The SPARQL language itself defines the interoperation with other such endpoints within SPARQL queries. Since everything is RDF data, and everything is identified with a URI, this “foreign” RDF data might be conceptually dealt with as just another graph:

# Get data from the wikidata SPARQL service for my local albums, using
# an intermediate external reference.
SELECT ?album ?wikiPredicate ?wikiObject {
    ?album a nfo:MusicAlbum ;
        tracker:externalReference ?externalReference .
    ?externalReference tracker:referenceSource 'wikidata' .

    SERVICE <http://query.wikidata.org/sparql> {
        ?externalReference ?wikiPredicate ?wikiObject
    }
}

TinySPARQL provides means to make RDF triple stores publicly available as SPARQL endpoints both via HTTP(S) and D-Bus protocols. By default, triple stores are not exported as endpoints, and are considered private to a process.
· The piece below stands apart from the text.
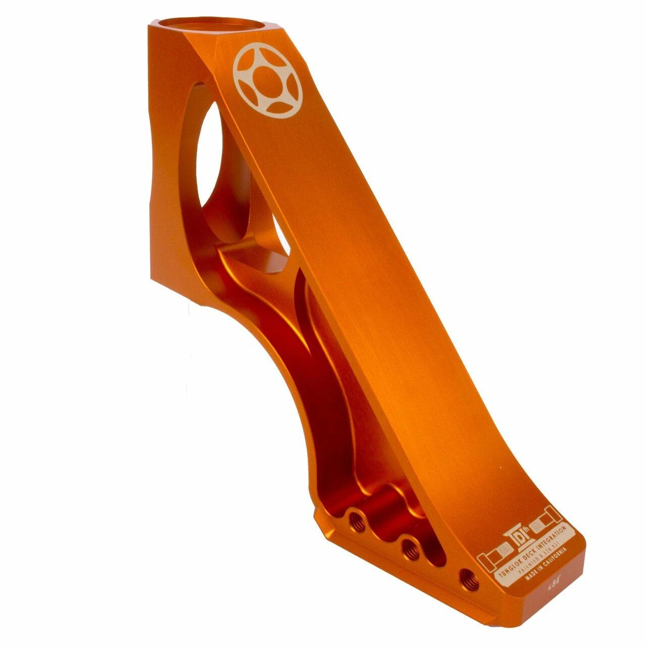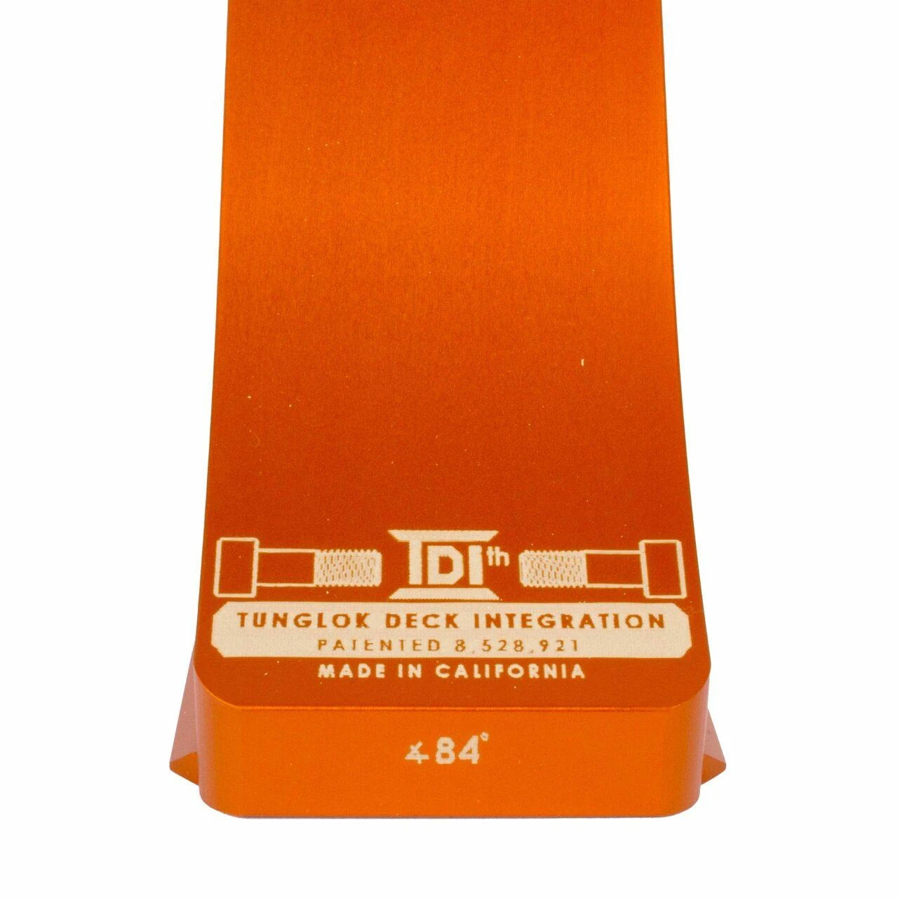 With improved geometry, everything about this neck has been updated. The headtube is now nearly half an inch shorter than it’s predecessor allowing for a full 1.5″ of fork clamping in your SCS with most standard length forks. An 84* headtube angle gives you more handlebar clearance to ride taller and wider bars and increases comfort and pop. The nose blunt area of the OrionTH Neck has been pulled back inside of the Deck Plate to reinforce and protect the areas most commonly impacted during nose blunts, crooks and smith grinds. The tail of the neck that sits inside the Deck now has a slight radius on the bottom to soften the rear corners to allow more flex to reduce the possibility of the neck piercing through the Deck extrusion under heavy impacts. Most notably, the OrionTH Neck features the biggest update in TDI history with the debut of the new TDIth (THreaded) Hardware, creating the tightest fitting, strongest Neck/Deck assembly to date.

Importing and exporting data

Bulk insertions of RDF data are available with the LOAD clause:

# Load a file containing RDF data into a named graph
LOAD <file:///path/to/data.rdf> INTO GRAPH <http://example.com/MyGraph>

Bulk extraction of data can be obtained with the DESCRIBE query clause, the following query would return all subject/predicate/object triples inserted by the previous LOAD clause:

# Describe all objects in the named graph
DESCRIBE ?resource {
    GRAPH <http://example.com/MyGraph> {
        ?resource a rdfs:Resource .
    }
}

The DESCRIBE syntax can also be used to get all triple information describing specific resources:

# Get all information around the XDG music folder's URI
DESCRIBE <file:///.../Music>

The data returned by DESCRIBE is RDF triple data, so it can be serialized as such.
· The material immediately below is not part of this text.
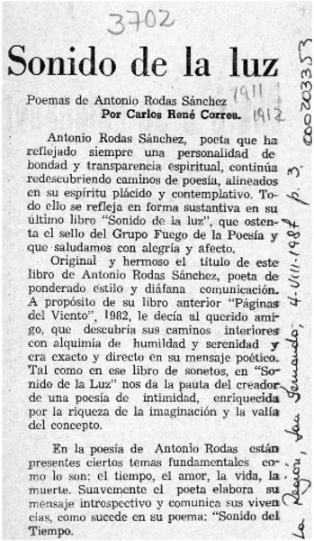 RODAS, ANTONIO - SONIDO DE LA LUZ

There may also be situations where it is convenient to transform data to other RDF formats (e.g. a different ontology) from the get go, the CONSTRUCT syntax exists for this purpose:

# Convert portions of the Nepomuk ontology into another fictional one.
PREFIX ex: <http://example.com>
CONSTRUCT {
    ?file ex:newTitleProperty ?title ;
        ex:newFileNameProperty ?fileName .
} WHERE {
    ?song a nmm:MusicPiece ;
        nie:isStoredAs ?file ;
        nie:title ?title .
}

The data returned by this syntax is also triple data, but ready for consumption in the other end.

Conclusion

SPARQL is a rather deep language that takes its purpose (making it possible to query information in RDF data graphs) very thoroughly, it also has some unusual features that make it able to scale from small private databases to large distributed ones.

Perhaps the “everything is a graph” mindset takes a while to think intuitively about to anyone with a background in relational databases. As with any complex language, mastery requires dedication. This is probably just the beginning of a journey.